From the first line to the last, print the records exactly, leaving out the pictures.

[Opening PROVIDED RECORDS section]

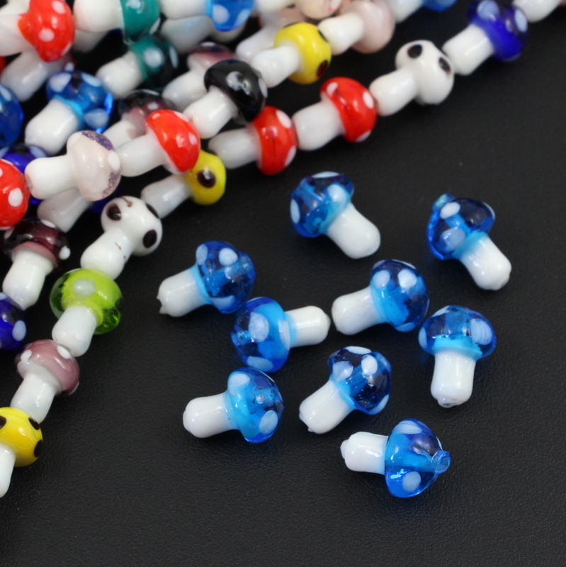 Szklane koraliki w kształcie uroczych grzybków muchomorków, ręcznie malowane, stąd niedoskonałości w pokryciu kolorem.
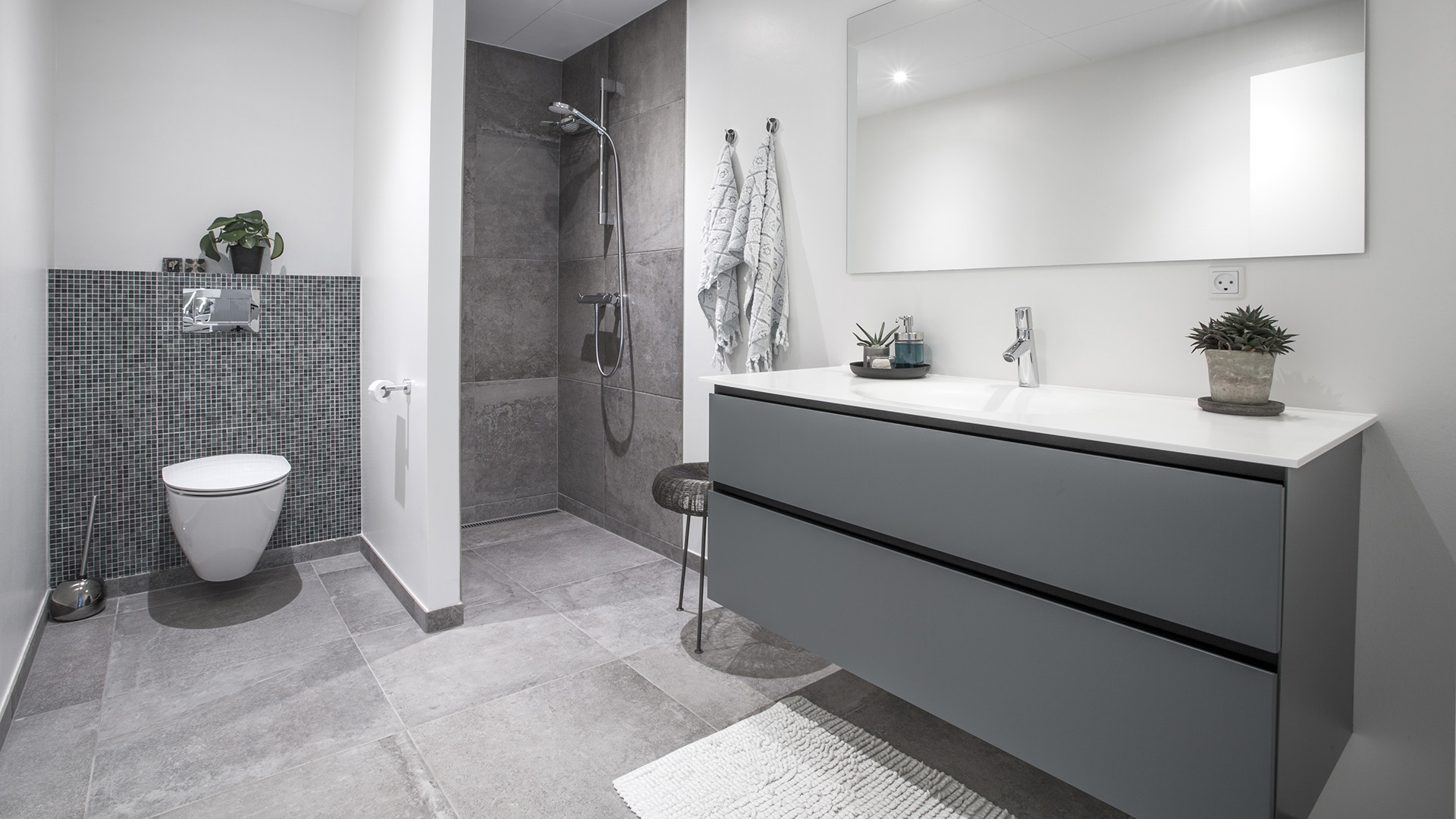 Se nogle af vores faerdige badevaerelser og smarte losninger pa denne side. Vi star klar til at radgive og vejlede i processen omkring nyt badevaerelse. Er der plads til mere end en handvask og hvor meget opbevaring i form af skabe skal der vaere i badevaerelset.
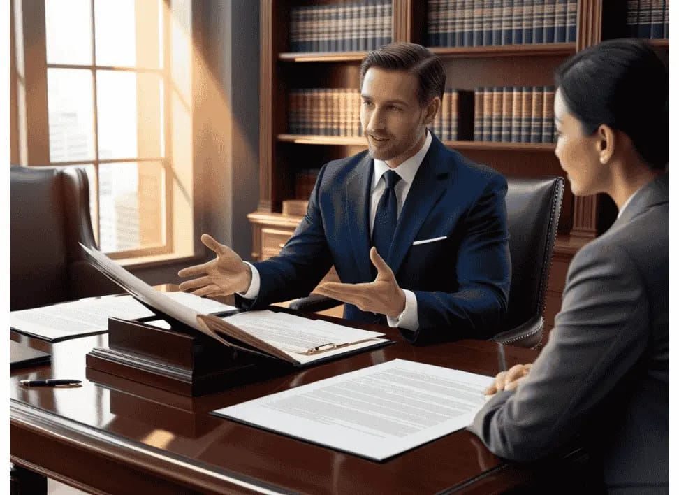 Zdjęcie przedstawia profesjonalne doradztwo prawne w kancelarii adwokackiej. Adwokat w garniturze analizuje dokumenty i udziela klientowi porad prawnych. Na biurku znajdują się dokumenty, długopis i otwarty kodeks prawny, co symbolizuje formalny charakter spotkania. Klient uważnie słucha, co podkreśla indywidualne podejście i zaangażowanie prawnika. W tle widać eleganckie wnętrze kancelarii z półkami pełnymi książek prawniczych. Oświetlenie jest naturalne i ciepłe, co nadaje scenie profesjonalizmu oraz atmosfery zaufania.
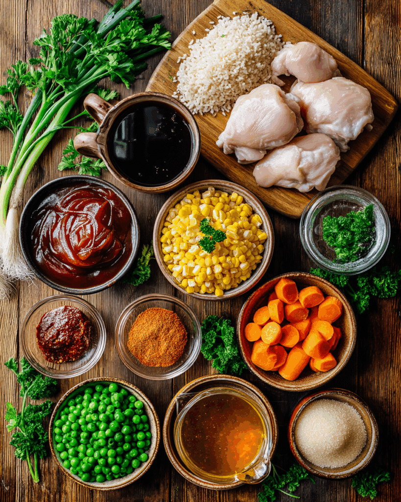 The magic of Honey BBQ Chicken Rice comes from its simple, high-impact ingredients. Each one adds flavor, texture, or color to create a balanced, delicious dish. Here’s what you’ll need:
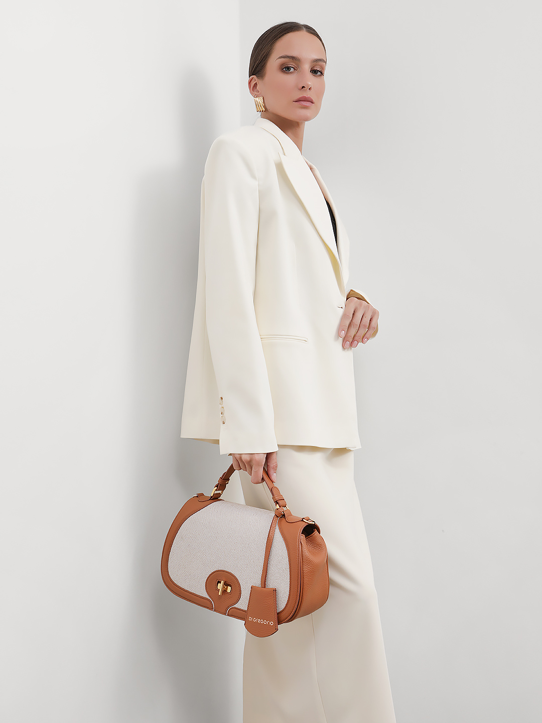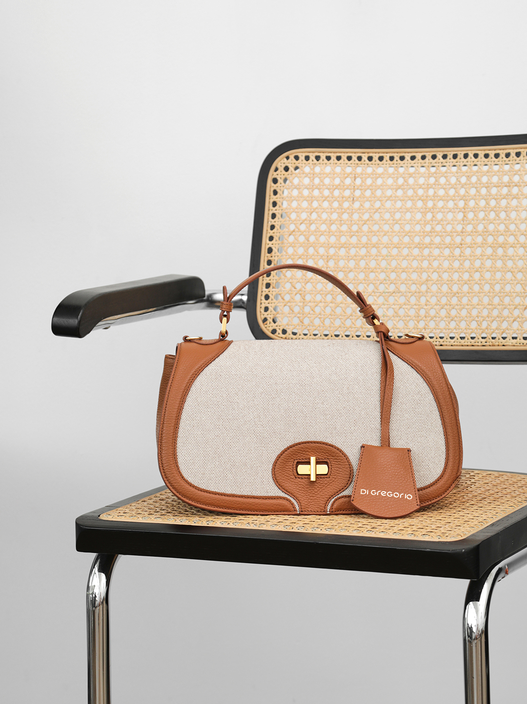 Сэтчел с вставками из натурального льна с золотистой фурнитурой от Di Gregorio в рыжем оттенке
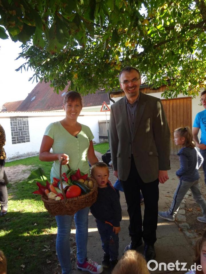 Zum Festabschluss wurde die diesjährige Schätzfrage "Wie schwer ist der Erntekorb?" gelöst. Die Gewinnerfamilie bekam den Erntekorb vom Träger der Einrichtung Pfarrer Martin Besold überreicht. "Daraus wird eine Herbstsuppe gemacht", erklärten die glücklichen Gewinner.
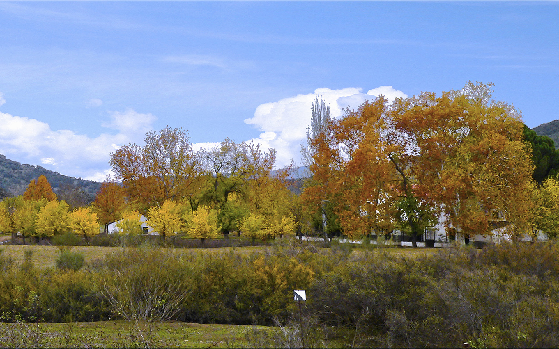 Vamos por la antigua carretera y en el cruce de caminos que nos encontramos debemos tomar el camino de la derecha, en dirección al puente sobre el arroyo. Nada más cruzar el arroyo continuamos por el camino de la derecha, en dirección hacia el Molino de los Ferreras.
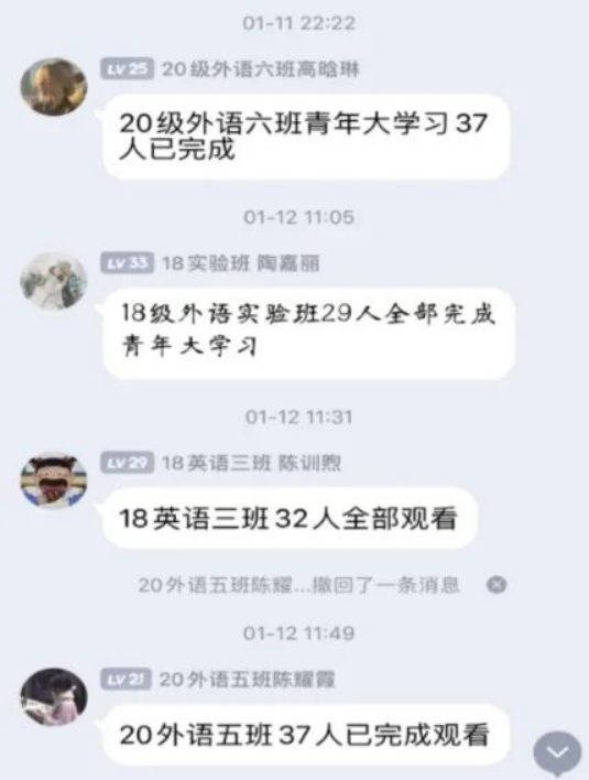 要求团员放假不放松学习,坚持打卡青年大学习,完成放假后的第十季最后两期。
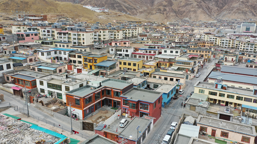 這是3月10日拍攝的重建后的玉樹市扎西大同村一角(無人機(jī)照片)。新華社記者 張宏祥 攝
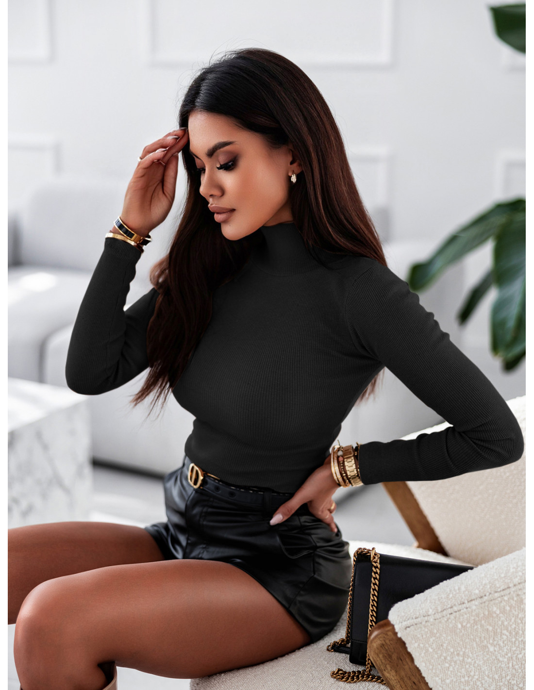 Klasyczny prążkowany golf - ALESSANDRA - czarny
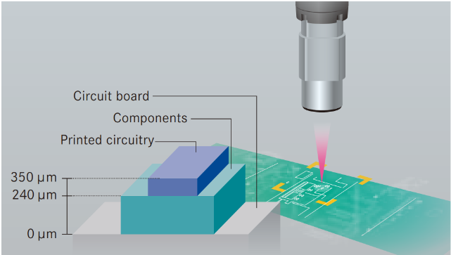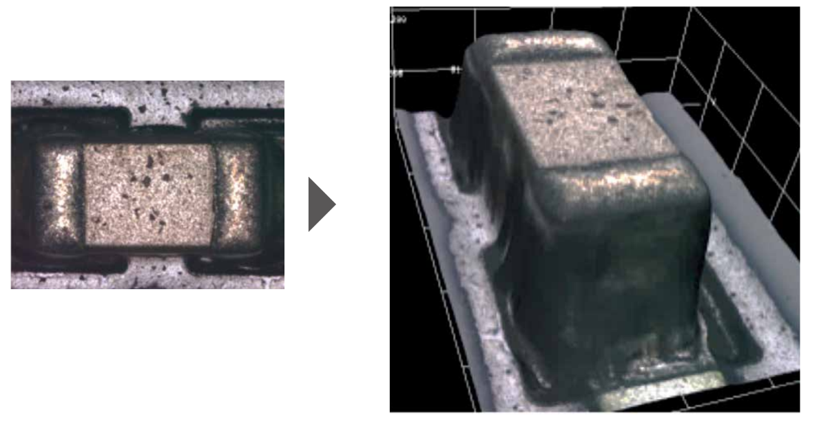 Problem ・ Inspection time for electronic and precision parts, etc., needs to be reduced. Solution ・A large depth of focus even in a high-magnification observation eliminates the need for focus Proposed Functions ・EDOF ・Auto Focus |
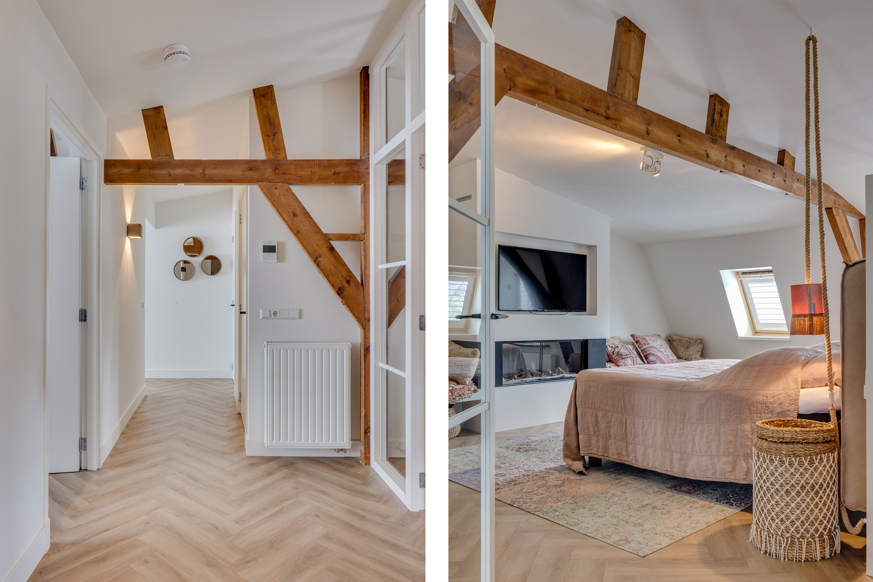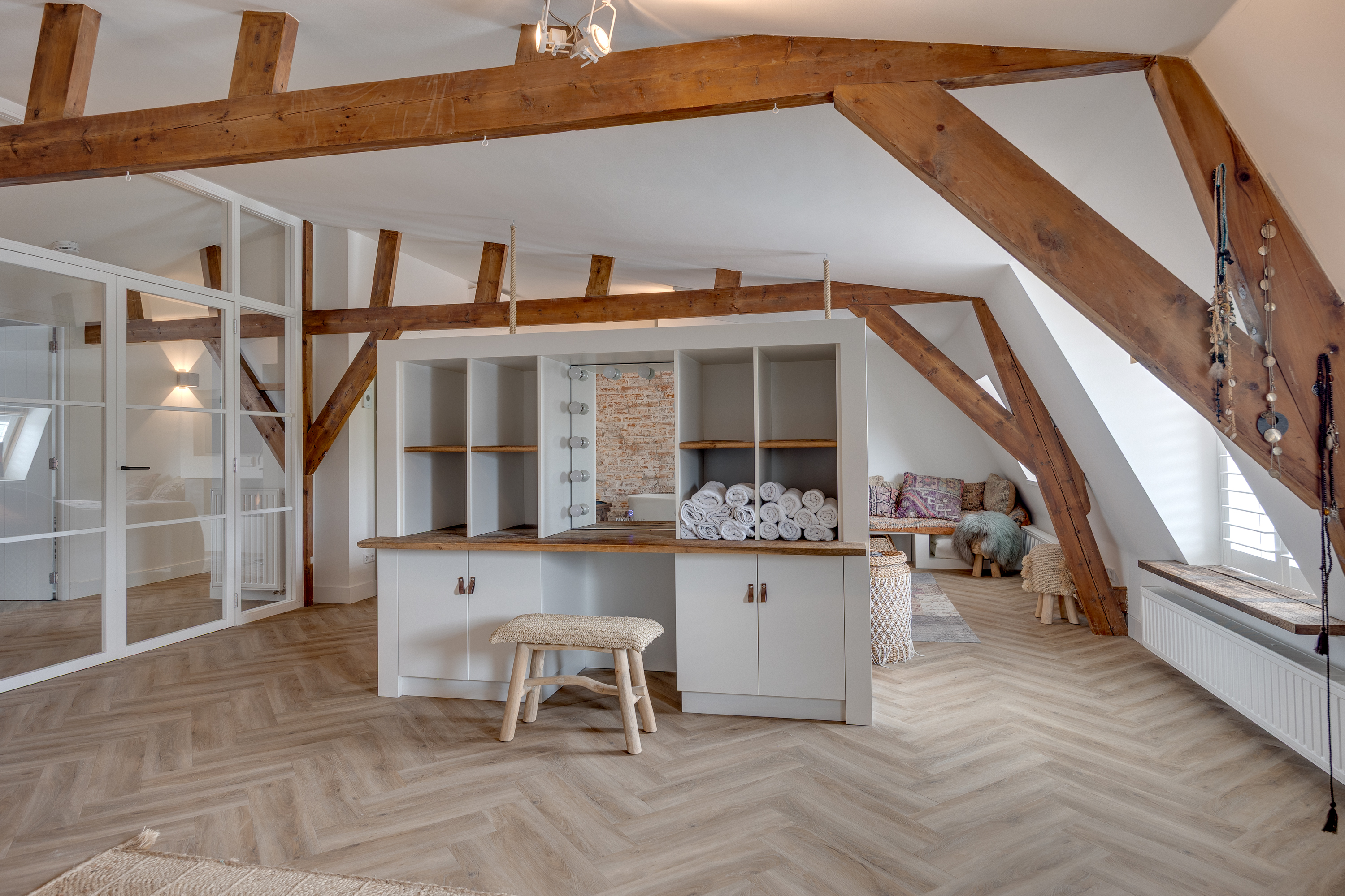 Daarnaast is er een tweede badkamer met inloopdouche, wastafelmeubel, toilet en ruimte voor wasmachine en droger. Een extra separaat toilet bevindt zich op de overloop. Authentieke houten balken zijn in het zicht gebleven en zorgen voor een sfeervol contrast met de moderne afwerking.
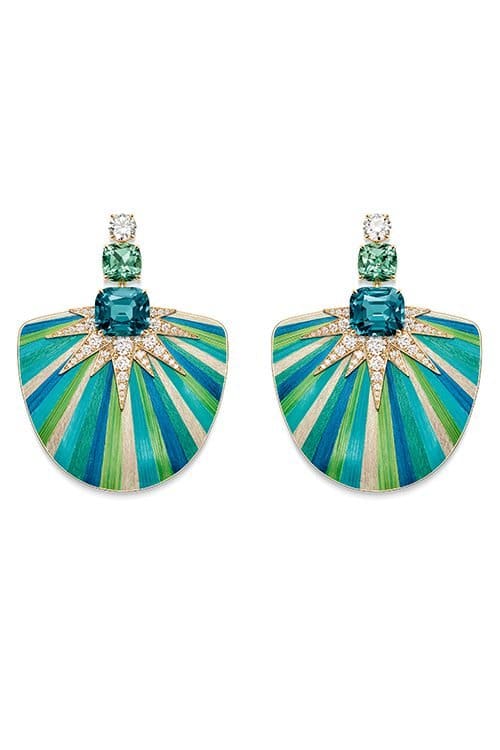 For the first time ever, Maître d’Art Rose Saneuil has worked on three High Jewellery creations. Pushing the limits of creativity, Saneuil has developed a surprising association between straw and wood. More precisely, it is by using fine straw from ryegrass and wood from European hornbeam and sycamore that she has crafted these exquisite marquetry creations. Element by element, each minuscule piece of veneer is carefully cut to exact size before being meticulously positioned to create the whole (G38N9100).
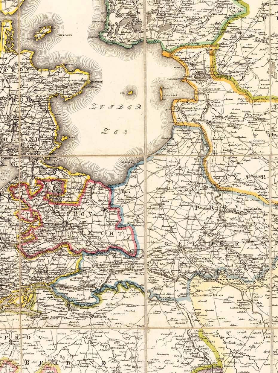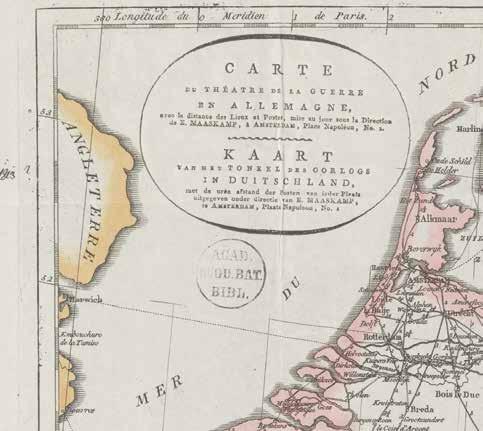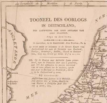 Evert Maaskamp paste zijn koperplaten veelvuldig aan en hergebruikte kaarten voor verschillende doeleinden. Wellicht het bekendste voorbeeld daarvan is de reeks van vier provinciekaarten van de overstromingen van 1825. Hiervoor voegde hij aan de eerder in de Atlas portatif du Royaume des Pays-Bas (1821)1 verschenen provinciekaarten van Groningen, Friesland, Overijssel en Noord-Holland een tweede titel toe, en kleurde hij met de hand de overstroomde gebieden blauw in.2 Het provinciekaartje van Brabant uit diezelfde atlas werd later hergebruikt om de Tiendaagse Veldtocht (1832)3 in beeld te brengen. In veel gevallen was de uitgever genoodzaakt tot dergelijke ingrepen, omdat de politieke kaarten van de Nederlanden én Europa in de periode dat hij kaarten uitgaf continue bleven veranderen. In deze bijdrage wordt ingegaan op vier minder bekende kaarten die in verschillende verschijningsvormen door Maaskamp zijn uitgegeven. Door het afdekken van titels en hergebruiken van gedeeltes van eerder uitgegeven kaarten, maakte Maaskamp zijn koperplaten multifunctioneel.
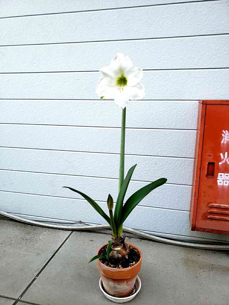 花茎が立派すぎて玄関前ではカメラから見切れてしまうので、わざわざ廊下の消火器前まで担いできて引き目に写真を撮った。

[Closing PROVIDED RECORDS section]

*THE COMPLETED TASK*.
 Szklane koraliki w kształcie uroczych grzybków muchomorków, ręcznie malowane, stąd niedoskonałości w pokryciu kolorem.
 Se nogle af vores faerdige badevaerelser og smarte losninger pa denne side. Vi star klar til at radgive og vejlede i processen omkring nyt badevaerelse. Er der plads til mere end en handvask og hvor meget opbevaring i form af skabe skal der vaere i badevaerelset.
 Zdjęcie przedstawia profesjonalne doradztwo prawne w kancelarii adwokackiej. Adwokat w garniturze analizuje dokumenty i udziela klientowi porad prawnych. Na biurku znajdują się dokumenty, długopis i otwarty kodeks prawny, co symbolizuje formalny charakter spotkania. Klient uważnie słucha, co podkreśla indywidualne podejście i zaangażowanie prawnika. W tle widać eleganckie wnętrze kancelarii z półkami pełnymi książek prawniczych. Oświetlenie jest naturalne i ciepłe, co nadaje scenie profesjonalizmu oraz atmosfery zaufania.
 The magic of Honey BBQ Chicken Rice comes from its simple, high-impact ingredients. Each one adds flavor, texture, or color to create a balanced, delicious dish. Here’s what you’ll need:
 Сэтчел с вставками из натурального льна с золотистой фурнитурой от Di Gregorio в рыжем оттенке
 Zum Festabschluss wurde die diesjährige Schätzfrage "Wie schwer ist der Erntekorb?" gelöst. Die Gewinnerfamilie bekam den Erntekorb vom Träger der Einrichtung Pfarrer Martin Besold überreicht. "Daraus wird eine Herbstsuppe gemacht", erklärten die glücklichen Gewinner.
 Vamos por la antigua carretera y en el cruce de caminos que nos encontramos debemos tomar el camino de la derecha, en dirección al puente sobre el arroyo. Nada más cruzar el arroyo continuamos por el camino de la derecha, en dirección hacia el Molino de los Ferreras.
 要求团员放假不放松学习,坚持打卡青年大学习,完成放假后的第十季最后两期。
 這是3月10日拍攝的重建后的玉樹市扎西大同村一角(無人機(jī)照片)。新華社記者 張宏祥 攝
 Klasyczny prążkowany golf - ALESSANDRA - czarny
 Problem ・ Inspection time for electronic and precision parts, etc., needs to be reduced. Solution ・A large depth of focus even in a high-magnification observation eliminates the need for focus Proposed Functions ・EDOF ・Auto Focus |
 Daarnaast is er een tweede badkamer met inloopdouche, wastafelmeubel, toilet en ruimte voor wasmachine en droger. Een extra separaat toilet bevindt zich op de overloop. Authentieke houten balken zijn in het zicht gebleven en zorgen voor een sfeervol contrast met de moderne afwerking.
 For the first time ever, Maître d’Art Rose Saneuil has worked on three High Jewellery creations. Pushing the limits of creativity, Saneuil has developed a surprising association between straw and wood. More precisely, it is by using fine straw from ryegrass and wood from European hornbeam and sycamore that she has crafted these exquisite marquetry creations. Element by element, each minuscule piece of veneer is carefully cut to exact size before being meticulously positioned to create the whole (G38N9100).
 Evert Maaskamp paste zijn koperplaten veelvuldig aan en hergebruikte kaarten voor verschillende doeleinden. Wellicht het bekendste voorbeeld daarvan is de reeks van vier provinciekaarten van de overstromingen van 1825. Hiervoor voegde hij aan de eerder in de Atlas portatif du Royaume des Pays-Bas (1821)1 verschenen provinciekaarten van Groningen, Friesland, Overijssel en Noord-Holland een tweede titel toe, en kleurde hij met de hand de overstroomde gebieden blauw in.2 Het provinciekaartje van Brabant uit diezelfde atlas werd later hergebruikt om de Tiendaagse Veldtocht (1832)3 in beeld te brengen. In veel gevallen was de uitgever genoodzaakt tot dergelijke ingrepen, omdat de politieke kaarten van de Nederlanden én Europa in de periode dat hij kaarten uitgaf continue bleven veranderen. In deze bijdrage wordt ingegaan op vier minder bekende kaarten die in verschillende verschijningsvormen door Maaskamp zijn uitgegeven. Door het afdekken van titels en hergebruiken van gedeeltes van eerder uitgegeven kaarten, maakte Maaskamp zijn koperplaten multifunctioneel.
 花茎が立派すぎて玄関前ではカメラから見切れてしまうので、わざわざ廊下の消火器前まで担いできて引き目に写真を撮った。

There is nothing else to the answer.